### EXERCISE GOAL
From the line that contains "Цвет #FC3B76 в" through the last line of the data, copy everything exactly and nothing else, omitting the pictures.

### AVAILABLE DATA
-------------------------

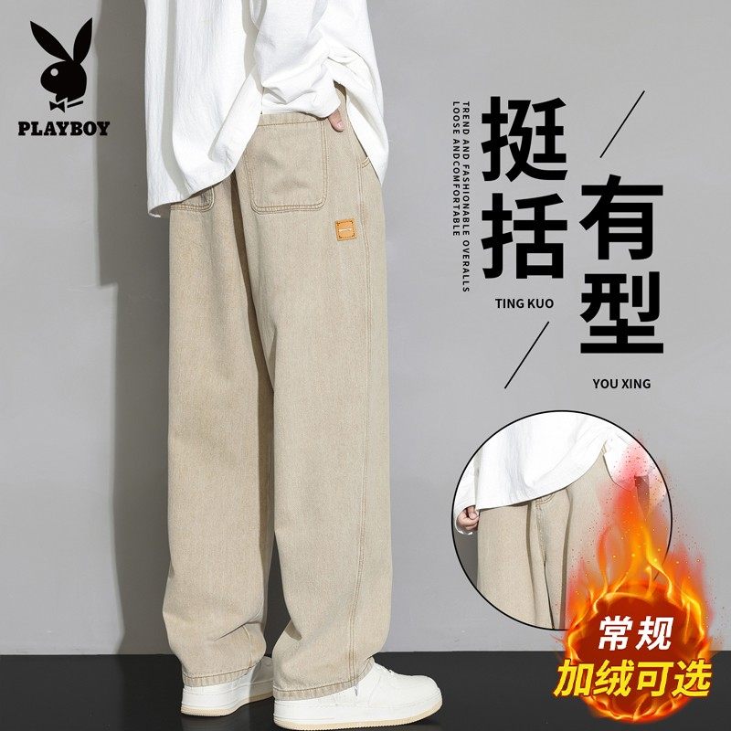 花花公子冬季加绒加厚牛仔裤男款宽松直筒阔腿潮牌百搭休闲长裤子
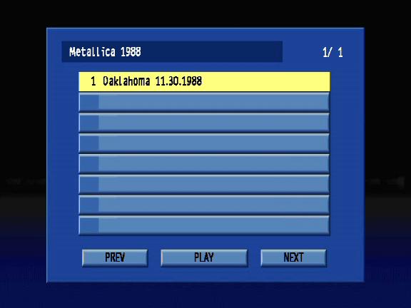1. The Ecstasy of Gold 2. Blackened 3. For Whom the Bell Tolls 4. Welcome Home (Sanitarium) 5. Leper Messiah 6. Harvester of Sorrow 7. Eye of the Beholder 8. Jason's Bass Solo 9. To Live Is to Die Jam 10. Master of Puppets 11. One 12. Seek and Destroy 13. ... And Justice for All 14. Creeping Death 15. Fade to Black 16. Kirk's Guitar Solo 17. Battery 18. Last Caress 19. Am I Evil ? (cut)
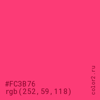 Цвет #FC3B76 в цветовой модели RGB обозначается тремя октетами (252, 59, 118) в десятичном формате и #FC3B76 в шестнадцатиричном (hex) формате, которые являются интенсивностью красного 252 (hex FC), интенсивность зелёного 59 (hex 3B) и интенсивность синего 118 (hex 76).
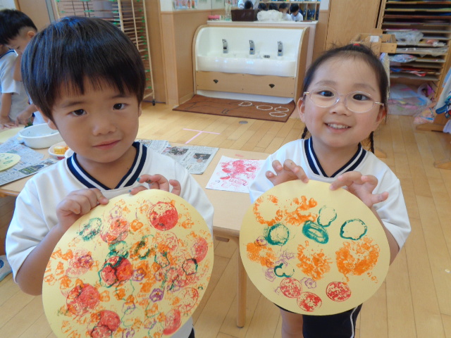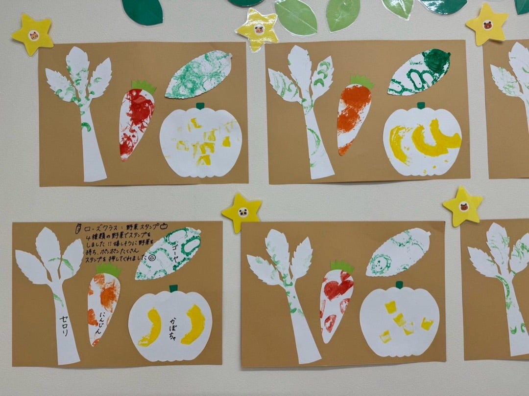 製作 野菜スタンプをしたよ!エクセレント武蔵新城保育園ブログ。

-------------------------

### RESPONSE AREA
 Цвет #FC3B76 в цветовой модели RGB обозначается тремя октетами (252, 59, 118) в десятичном формате и #FC3B76 в шестнадцатиричном (hex) формате, которые являются интенсивностью красного 252 (hex FC), интенсивность зелёного 59 (hex 3B) и интенсивность синего 118 (hex 76).
 製作 野菜スタンプをしたよ!エクセレント武蔵新城保育園ブログ。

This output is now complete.